What are conntrack Helpers?
Conntrack helpers are Linux kernel modules that facilitate the management of connections using dynamic ports, such as FTP, SIP, PPTP, among others. These modules extend the connection tracking system, known as conntrack, allowing certain protocols to operate correctly even when conventional packet filtering would not suffice.
The conntrack system allows the Linux kernel to track active network connections. Every time a packet enters or leaves the system, conntrack attempts to associate it with an existing connection or, if none exists, creates a new record. This is crucial for modern firewalls based on nftables or iptables, as it enables them to decide whether to allow or block packets based on the connection’s state.
Risks and deactivation of conntrack Helpers
However, despite their usefulness, conntrack helpers can pose a security risk. They can be exploited to open random ports without the system administrator’s knowledge, allowing unauthorized traffic, disguising malicious connections as legitimate, or even bypassing firewall rules to enable incoming connections that would normally be blocked.
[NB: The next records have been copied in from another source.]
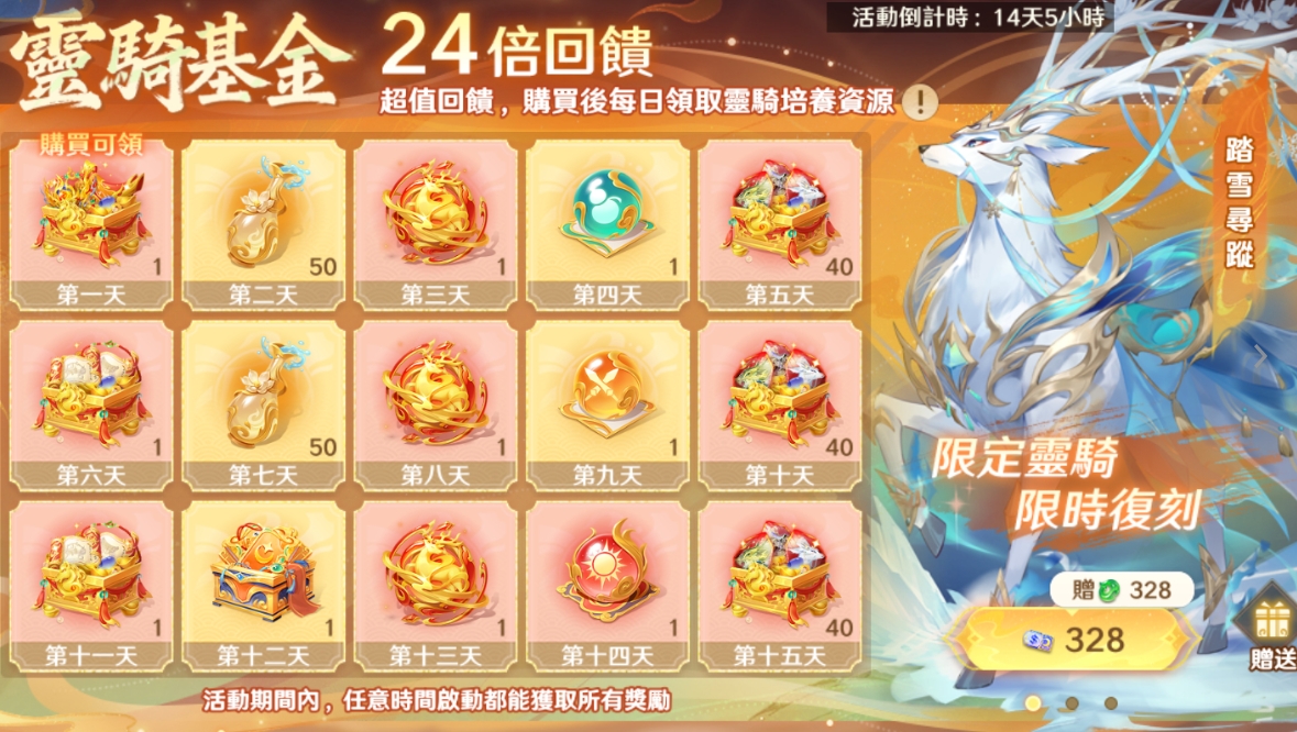 購買“靈騎基金”後,守護使大人可連續15天每天領取超高價值的稀有資源,其中包括天啟靈騎碎片三選一、太虛騎裝二選一、玄霄神玉、太虛獸典二選一、資質丹、靈騎技能任選箱以及楊柳甘露。使用天啟靈騎碎片三選一後,守護使可以在踏雪尋蹤,山岳潛形,紫氣東來這三個天啟靈騎的碎片中任選1個,再加上其他培養道具,守護使大人可以輕鬆對靈騎進行養成~
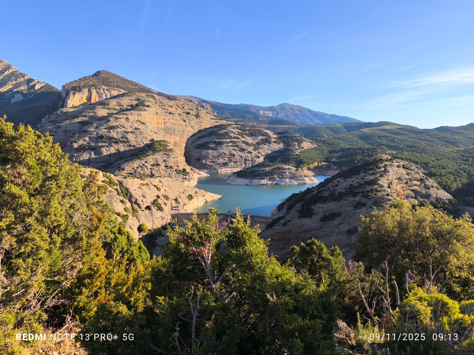 On commence par une superbe marche d’approche d’1H45 (on a un peu hésité sur la fin du chemin) : Des tours de conglomérat rouge orangé qui se découpent dans le ciel avec en arrière-plan le lac de Vadiello entouré de chênes verts, de pins et de buis. On vous laisse imaginer….
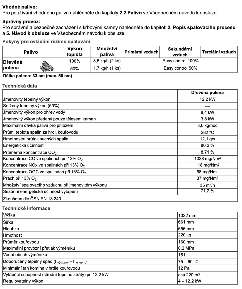 | Jmenovitý výkon kamen: | 4-12,2 kW |
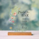 El cartel acrílico claro del Mimosa Bar cuenta con flores silvestres delgadas, perfectas para su ducha de bebé. CAMBIAR EL TAMAÑO para que se ajuste a su evento y pedido con o sin un soporte de madera. COINCIDIENDO elementos de nuestra colección.
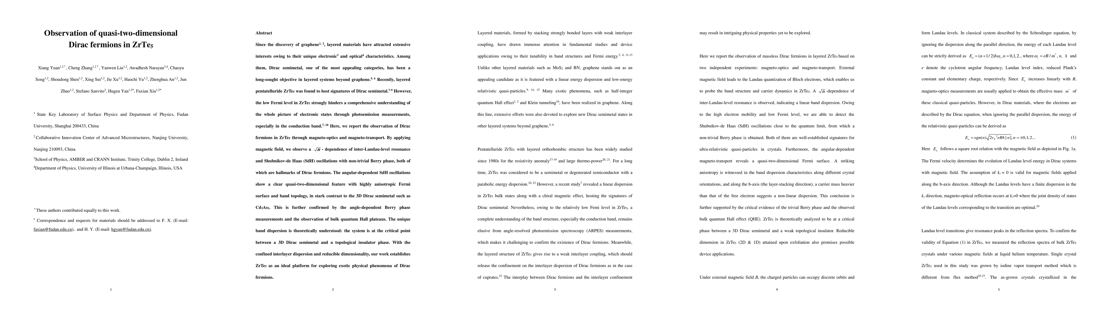 The paper reports the observation of quasi-two-dimensional Dirac fermions in ZrTe5 through magneto-optics and magneto-transport, revealing a highly anisotropic Fermi surface and band topology, and positioning ZrTe5 at the critical point between a 3D Dirac semimetal and a topological insulator phase.
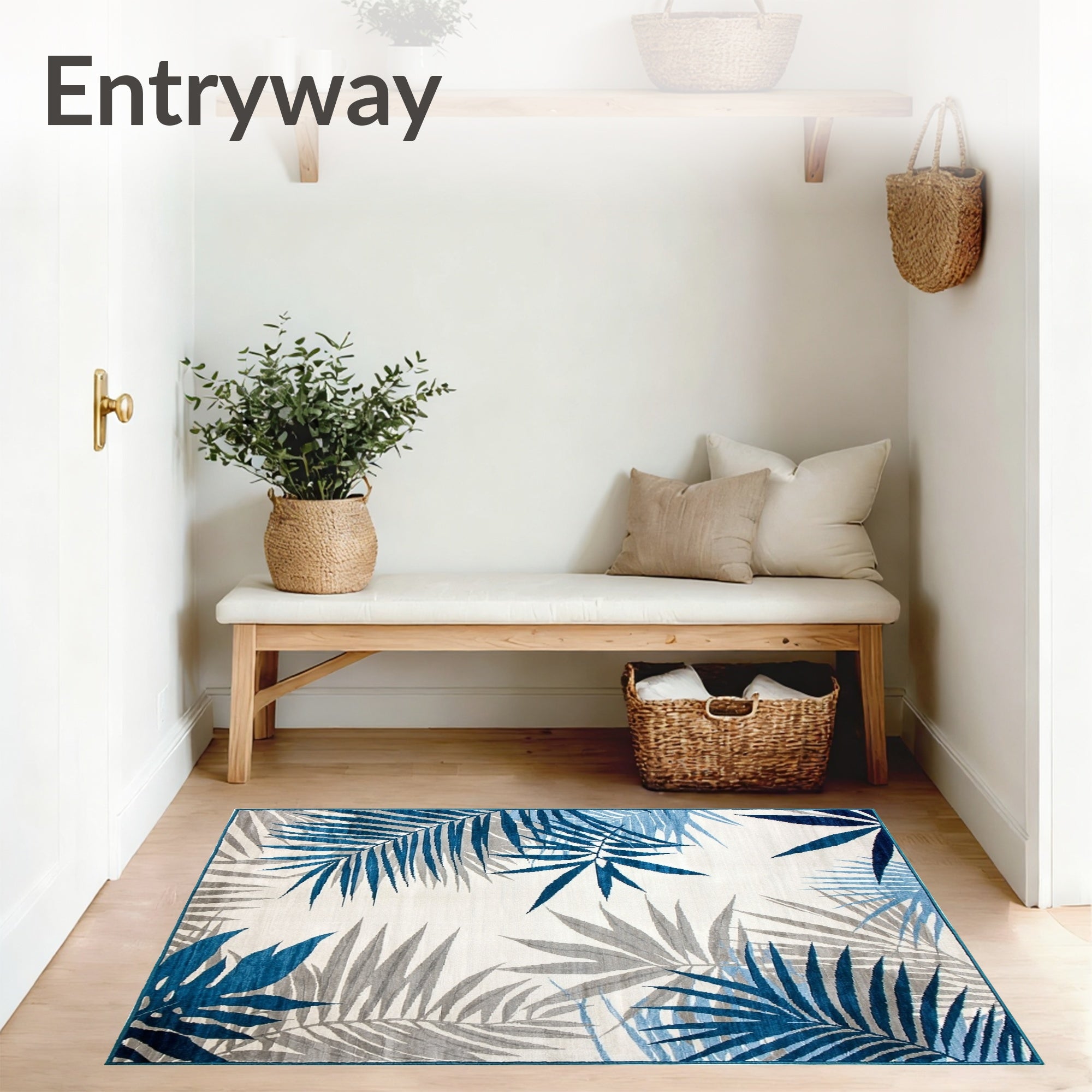 Flatwoven High Traffic Area Rug, Collection Grey Beige Accent, Non Slip, Stain Resistant, Washable Area Rugs for Living Room, Bedroom (Blue) Overview:

Due to these risks, recent versions of the Linux kernel have disabled the autoloading of helpers by default, and starting with the 6.x series, this functionality has been completely removed.
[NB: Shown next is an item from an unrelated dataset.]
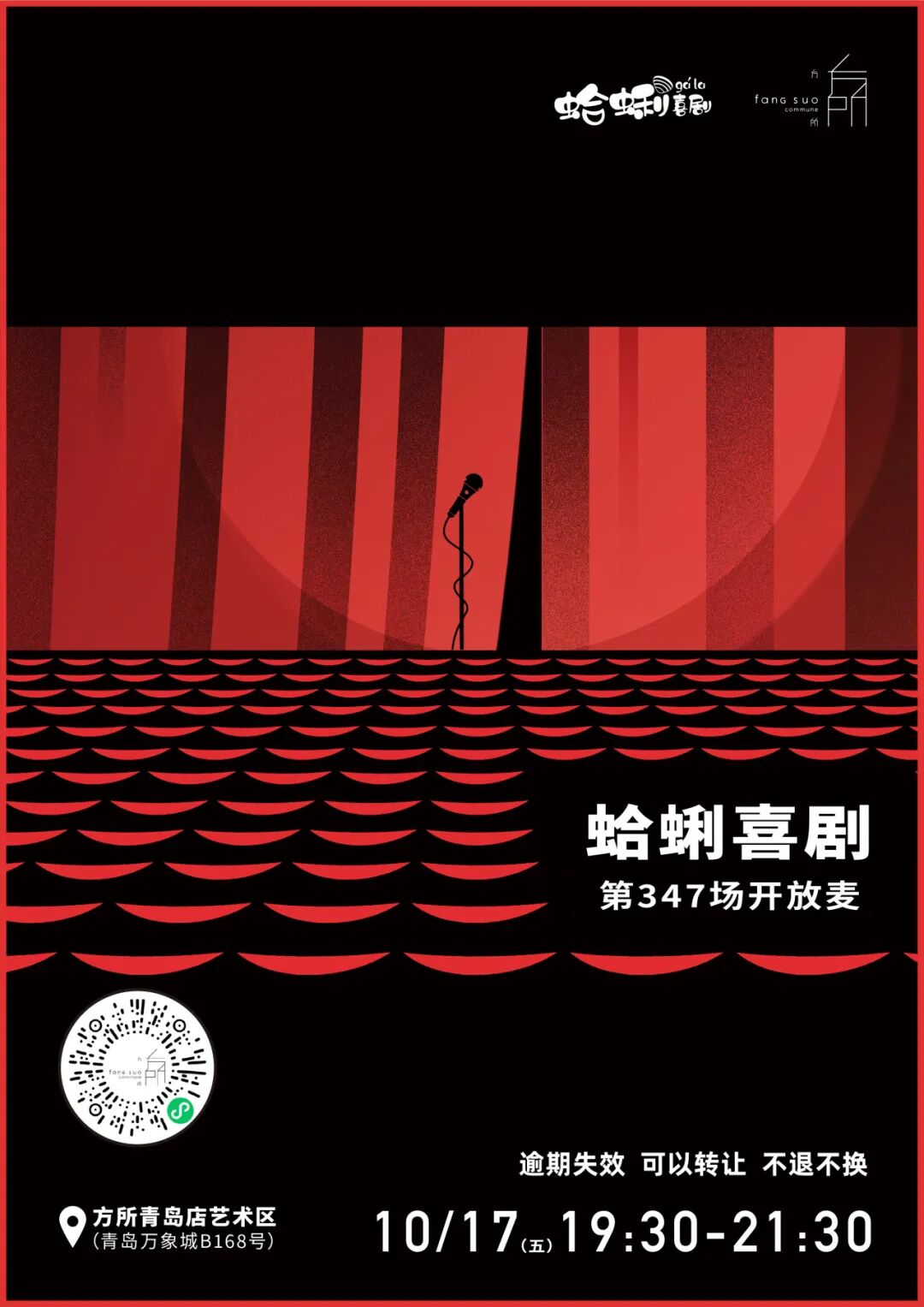 本周五(10月17日)晚七点半,蛤蜊喜剧开放麦将在方所青岛店准时开演。欢迎感兴趣的朋友报名参与!

This change directly impacts servers, especially those services that depended on these helpers, as they may cease functioning after a kernel update. It is not enough to merely open the ports manually in the firewall, since many of these protocols require the software to use a specific port range. To continue using these services, it will be necessary to manually configure the port range in the corresponding software and allow that range in the firewall to ensure proper connectivity.
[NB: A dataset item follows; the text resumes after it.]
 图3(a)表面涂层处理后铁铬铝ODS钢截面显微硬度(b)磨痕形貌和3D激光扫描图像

Below, we explain which protocols and services are affected by this change and what adjustments you need to make both on the server and in the firewall profile.
Affected Protocols and Services by the deactivation
The following protocols and services depend on conntrack helpers and, in their absence, will require manual configuration.
-
FTP (TCP/21): In passive mode, the server will assign a random port for data transfer and the client will attempt to connect, but without conntrack, the firewall will block the connection if those ports are not allowed.
- Affected services: vsftpd, ProFTPD, Pure-FTPd, FileZilla Server, Microsoft IIS FTP Server, Serv-U FTP Server.
-
TFTP (UDP/69): TFTP uses a single port (69) to initiate transfers, but data is sent through dynamic ports chosen by the server. Without conntrack, these responses may be blocked.
- Affected services: tftpd-hpa, atftpd, dnsmasq (when used as a TFTP server), OpenTFTP.
-
SIP (UDP/TCP 5060/5061): SIP handles call signaling, but the audio and video streams (RTP) are negotiated on dynamic ports. Without conntrack, these packets may be blocked, resulting in calls without audio or connection failures.
- Affected services: Asterisk, FreePBX, Kamailio, OpenSIPS, Cisco CallManager, 3CX, Linphone, Ekiga, Zoiper, Grandstream PBX.
-
H.323 (TCP/1720 and dynamic ports): Similar to SIP, this video conferencing protocol uses port 1720 for signaling, but requires dynamic ports for media traffic (audio/video). Without conntrack, these may be blocked.
- Affected services: Polycom, Cisco Unified Communications, Avaya, Ekiga, Linphone, Microsoft Skype for Business, Google Meet (when using H.323 gateways).
-
PPTP (TCP/1723 and GRE protocol 47): PPTP uses TCP/1723 for connection authentication and control, but data traffic is carried via GRE (protocol 47). Without conntrack, GRE packets may be blocked, preventing the VPN connection.
- Affected services: Microsoft Windows VPN Server, MikroTik PPTP Server, SoftEther VPN, Cisco PPTP, OpenVPN (when used in PPTP mode).
-
IRC - DCC (UDP/1024-65535): Direct Client-to-Client (DCC) connections in IRC allow file transfers and direct connections between users. Without conntrack, the random ports used in these connections may be blocked.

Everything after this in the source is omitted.